# Love between girl and filly!



## KayJay Farm (Apr 19, 2007)

Wanted to share this picture of our daughter and our newest foal taken today while doing chores at barn. Hope it makes everyone smile!!!!!


----------



## eagles ring farm (Apr 19, 2007)

:bgrin :bgrin Here's Mine :bgrin :bgrin

beautiful little girls

and beautiful picture

Lori


----------



## ThreeCFarm (Apr 19, 2007)

There's nothing better than kids and "their" horses!!!!



: Thanks for sharing.


----------



## miniwhinny (Apr 19, 2007)

Oh how precious



:



:


----------



## MyLilShowGirl (Apr 19, 2007)

now THAT is priceless!!!


----------



## Jill (Apr 19, 2007)

That is the sweetest picture



:


----------



## ChrystalPaths (Apr 19, 2007)

Some one please lighten that up so it can win on Equusite! OMG it screams Love and Bliss! Thanks for sharing such a precious moment with us.

I hope you'll forgive me, but on the back porch there is a link for making posters and I was so drawn to this one picture and had to make one.


----------



## Miniv (Apr 19, 2007)

Dimimore said:


> Some one please lighten that up so it can win on Equusite! OMG it screams Love and Bliss! Thanks for sharing such a precious moment with us.
> 
> I hope you'll forgive me, but on the back porch there is a link for making posters and I was so drawn to this one picture and had to make one.

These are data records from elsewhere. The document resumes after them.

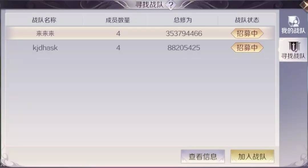 没有战队的修真者,可以使用寻找战队功能,选择心仪的战队加入。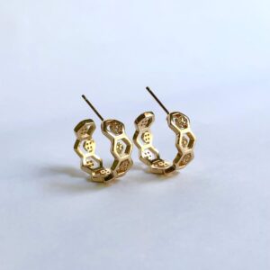 Avaliação 0 de 5R$98,00argola trabalhada em hexágonos maiores vazados e com outro mini hexágono cravejado dentro, folheada a ouro 18k e hipoalergênica.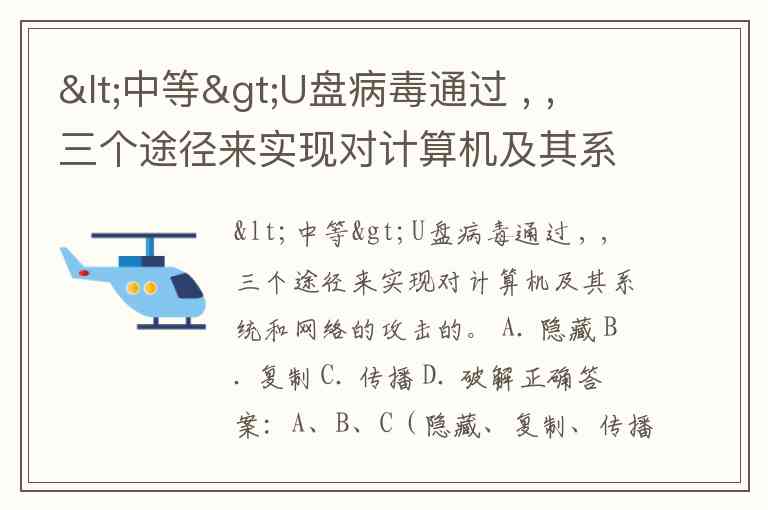 <中等>U盘病毒通过 , , 三个途径来实现对计算机及其系统和网络的攻击的。 A. 隐藏 B. 复制 C. 传播 D. 破解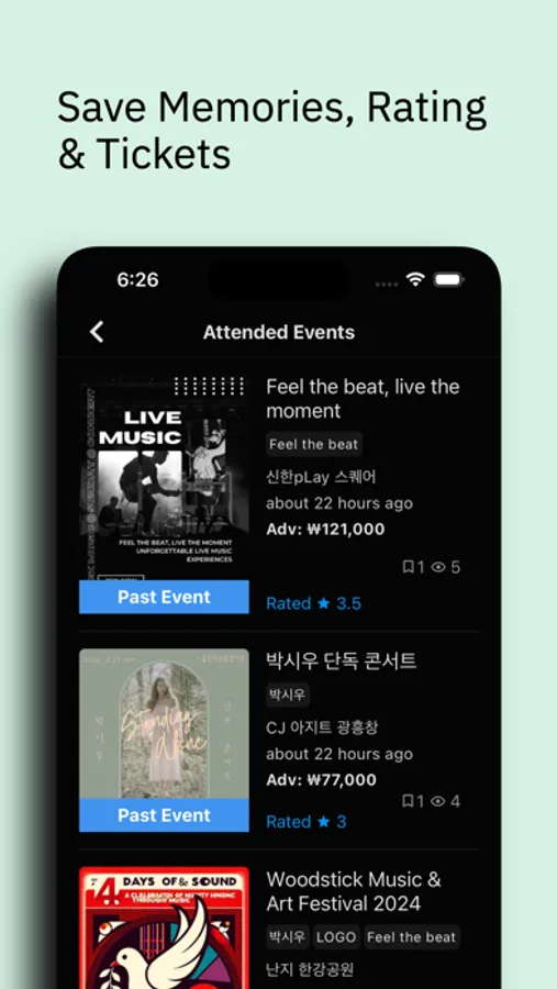 - Leave your impressions, rate performances, and upload ticket photos to cherish your concert memories.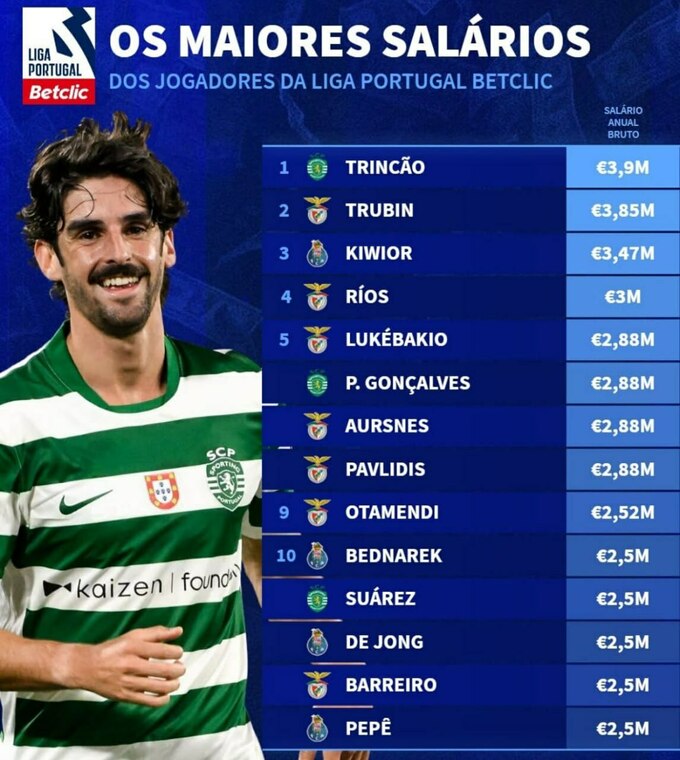 24-річний воротар заробляє 3,85 млн євро на рік до виплати податків. Більше нього у чемпіонаті Португалії отримує лише вінгер лісабонського «Спортінга» Франсішку Трінкау – 3,9 млн євро на рік.

Totally agree! Or maybe a calendar photo!

MA


----------



## Chamomile (Apr 19, 2007)

I LOVE this picture. It would be blown up and hanging on my wall if she were mine



: Very very nice!!


----------



## MBhorses (Apr 19, 2007)

: love the photo.



:


----------



## KayJay Farm (Apr 19, 2007)

Thanks Deb for the poster! What a great idea! Love the title too!


----------



## Scoopiedoo (Apr 19, 2007)

That is one of THE MOST touching pictures I have ever seen!



: I love it! Beautiful girls, thank you for sharing.


----------



## The Simple Life Farm (Apr 19, 2007)

That picture defines why we all love our horses. It brought tears to my eyes, you can see the love they share.


----------



## hairicane (Apr 20, 2007)

That has got to be one of the best photos I have ever seen. How wonderful u captured it



:



:



:



:



:



:


----------



## lvponies (Apr 20, 2007)

That is such a sweet picture!!!



:


----------



## AppyLover2 (Apr 20, 2007)

Hope you don't mind, I lightened it. Beautiful picture!!


----------



## wc minis (Apr 20, 2007)

Very nice picture. It reminds me of my daughter with our horses. Very precious..


----------



## Shari (Apr 20, 2007)

That is just super adorable!!


----------



## Mona (Apr 20, 2007)

What a BEAUTIFUL moment you have captured!!



:


----------



## Joyce (Apr 20, 2007)

One of the most precious pictures I've ever seen. Thanks for sharing with us.

Joyce


----------



## ChrystalPaths (Apr 20, 2007)

Oh now lightened it is the most perfect picture!!


----------